In the early days of collecting, the wax doll was neglected in favor of other types, with the result that now wax dolls are relatively more plentiful and less expensive than most of the others. They therefore offer an excellent field to present-day collectors. Indeed it seems that earlier collectors have missed a real opportunity in more or less neglecting this type, except for the Montanari dolls, which have always been prized. A clever person, starting today with the eggshaped heads of the 1820 period-those having the hair set in slits in the heads-and continuing through the wire-eyed waxes down to the wax dolls of the 1890s, can assemble a collection of beauty and rarity at a fairly reasonable cost.

There is one wax doll that has not been mentioned, the type wearing a molded "walking" hat with three plumes-sometimes called the Empress Eugenie of France, although it is doubtful if it was ever intended to represent that "glass of fashion." Mrs. Cyrus M. Beachy, a well-known collector of Wichita, Kansas, who is well past eighty years old, says she recalls wearing an identical hat when she was a child. So the walking hat probably commemorates youthful, rather than imperial, apparel.

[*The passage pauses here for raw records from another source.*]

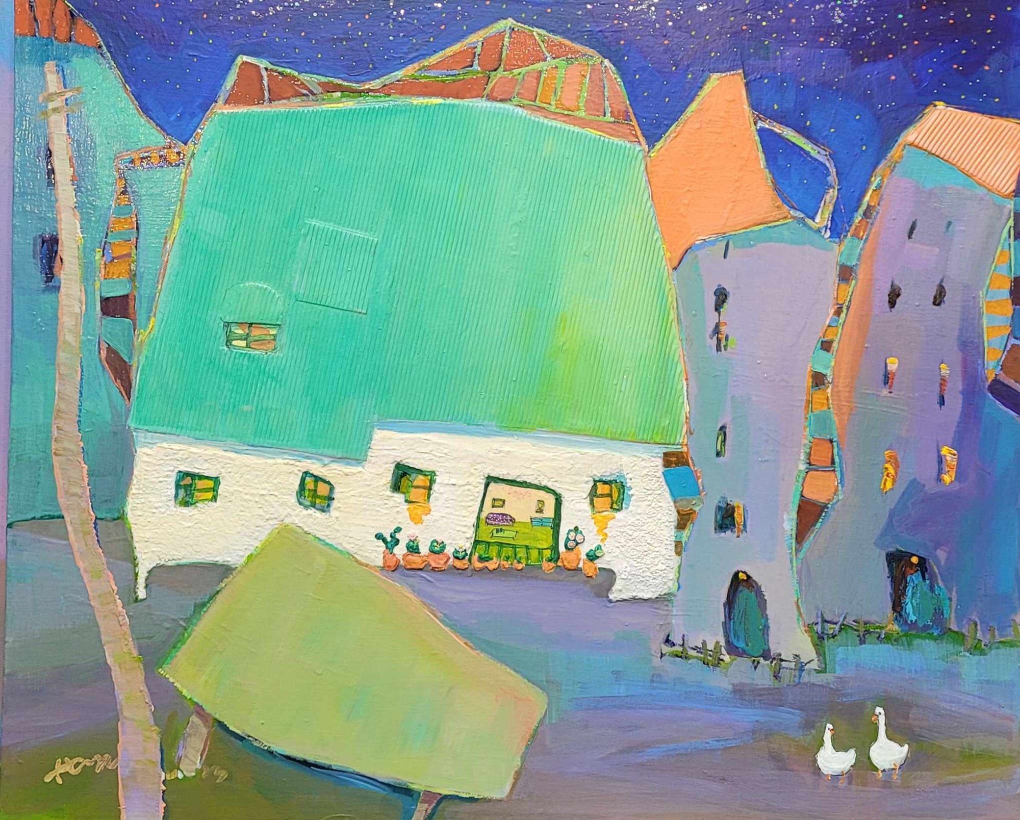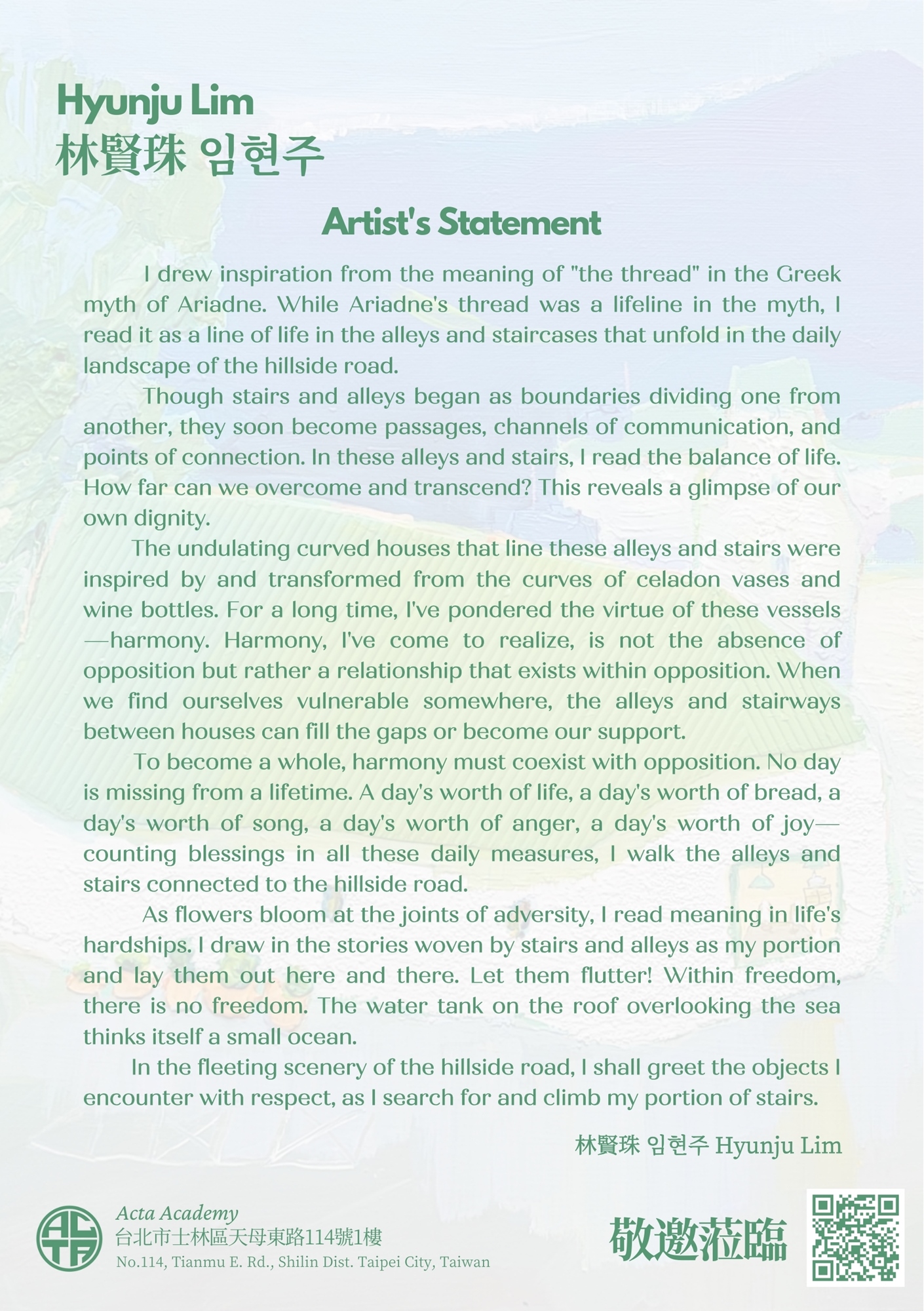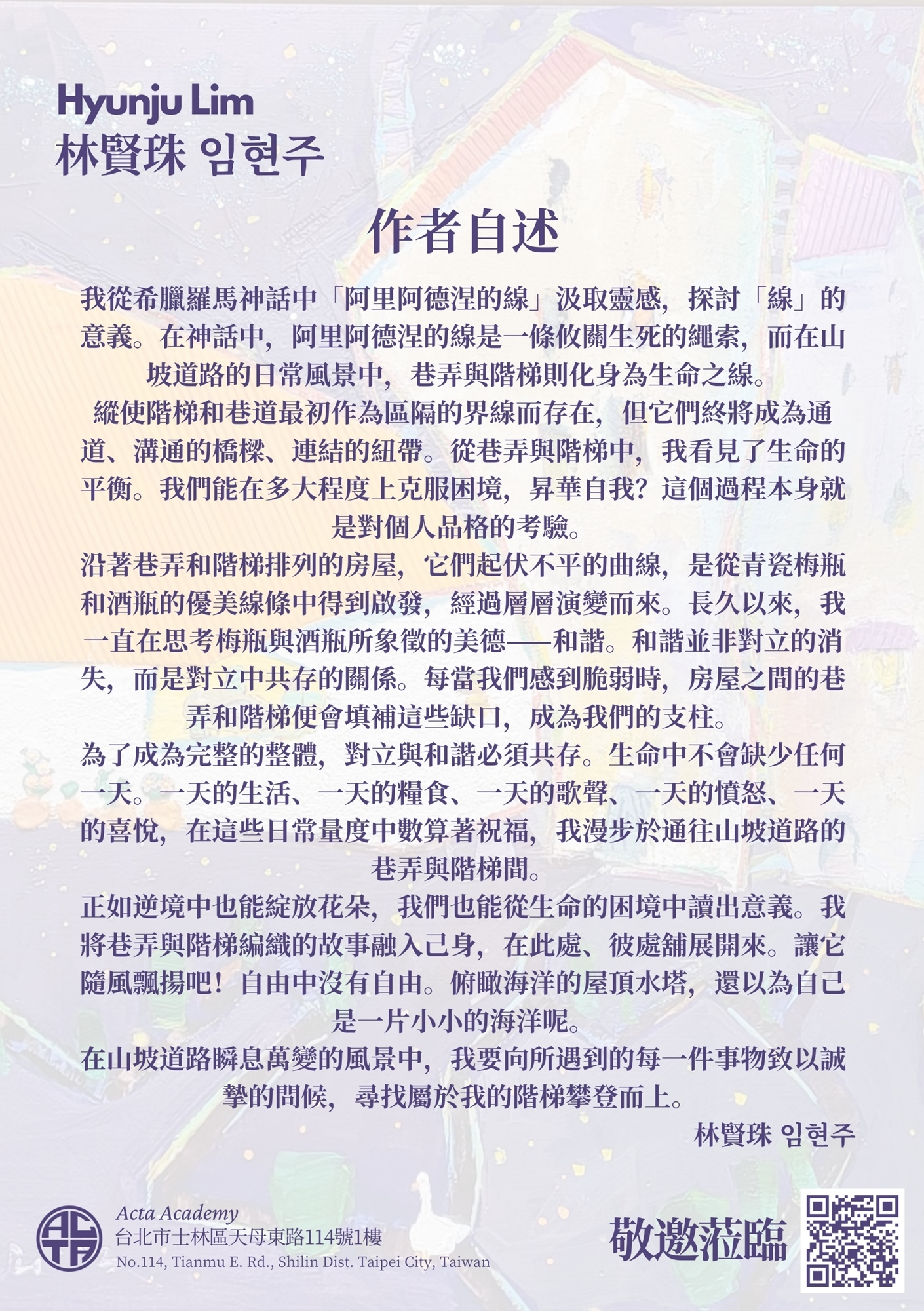 一起品茗、母親等待孩子放學、夜深人靜時漫步城市街頭——這些日常時刻構成了我們美好生活的織錦,將我們彼此相連。她的藝術以家鄉釜山風景的柔和色彩,以及家庭中鵝群簡單的生活場景,喚起了懷舊、奇思和歸屬感。這些情感呼應了林賢珠的藝術理念:「我希望能創作出與最小、最低、最受傷的事物同行的作品。」在這個大世界中,我們有時都會感到渺小,而林賢珠提醒我們,我們的生活僅僅因為存在就已經是奇蹟。她那迷人的彎曲小巷和蜿蜒樓梯不僅是藝術選擇;它們是人生旅途的隱喻,告訴我們往往是意想不到的轉折帶來最有意義的連結。
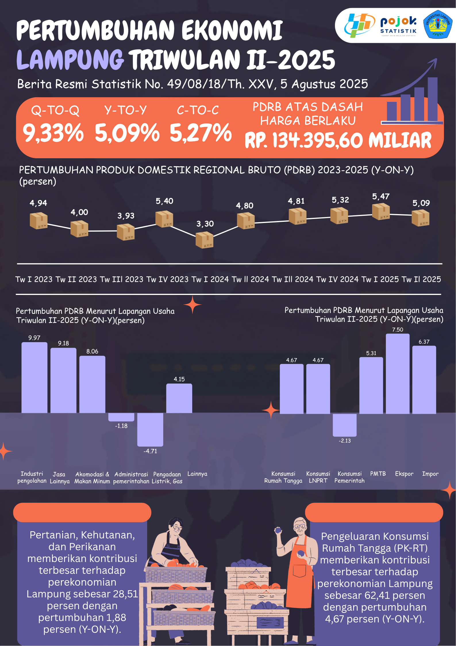Ekonomi Provinsi Lampung pada Triwulan II-2025 tumbuh sebesar 5,09 persen (y-on-y) dengan nilai PDRB atas dasar harga berlaku mencapai Rp134,39 triliun. Pertumbuhan ini didorong oleh...
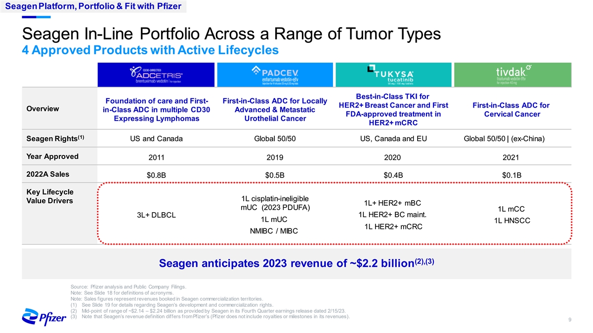 Immunotherapy Precision Therapy Antibody-Drug Conjugates Radio- & Chemotherapy Surgery Seagen Platform, Portfolio & Fit with Pfizer Antibody-Drug Conjugates: Emerging Pillar of Cancer Care Seagen at the Forefront of Shifting Therapeutic Paradigm Towards Targeted Cytotoxic Agents Seagen is the Leader in ADC Development Cancer Care • Pioneers in the ADC space for 20+ years with an industry- leading platform • 12 ADCs have been approved / currently marketed across both hematologic and solid tumor indications industry-wide • 8 of 12 have launched since 2017 • 4 of 12 directly or indirectly use Seagen’s technology • Seagen has developed or co-developed 3 approved ADCs (ADCETRIS, PADCEV & TIVDAK); POLIVY Ancient Times 1890s 2017 1998 1997 developed by a partner using licensed Seagen Seagen Involved in 4 of 12 marketed ADCs proprietary technology • Seagen next-generation proprietary linkers, payloads and antibodies hold the potential to further advance the field (Royalties) 8
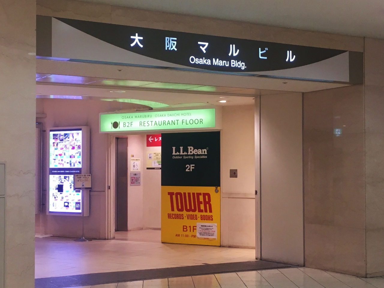 大阪駅前にありますが、地下からアクセスする場合は、ディアモールを通っていくとすぐ近くで、雨の日でも安心して歩けます。マルビル内は大阪第一ホテルが殆ど占めていますが、地下にはリーズナブルな飲食店や、タワーレコードやスターバックスコーヒーもテナントで入っています。
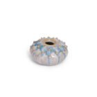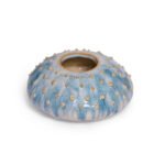Handbuilt, white stoneware clay, textured, glazed.
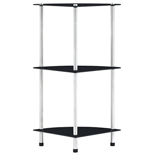 Mengtu Étagère à 3 niveaux Noir 30 x 30 x 67 cm en verre tre...
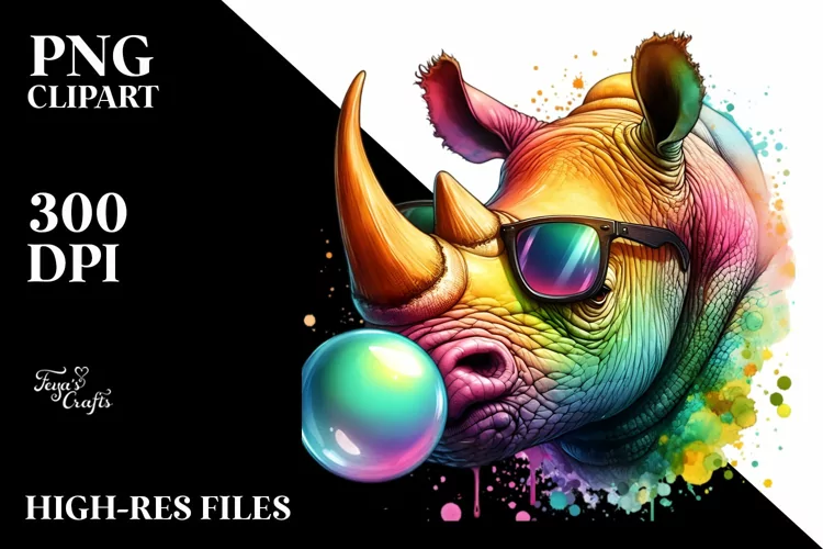 Similar Design Products to Quirky Colorful Watercolor Rhino | Clipart

Wax dolls seem to have been among the first to display teeth. Up to 1880 most dolls had closed lips, but Marion Smith of Burlington, Vermont, has a wax doll with two teeth and Mrs. Erwin Ghapin of Silver Creek, New York, has one with two teeth that are wooden pegs. About 1870, and probably in Germany, a number of smooth composition dolls were made of wood flour, starch, and rosin mixed with water. They had mohair wigs, closed lips, often deep violet-blue glass eyes, and in most cases composition hands and feet. They were very pretty and apparently not expensive.

In France a composition doll was made with painted hair. Usually it was finer than the German ones and beautifully dressed. Today these composition types are more appreciated in France; American collectors do not know them well.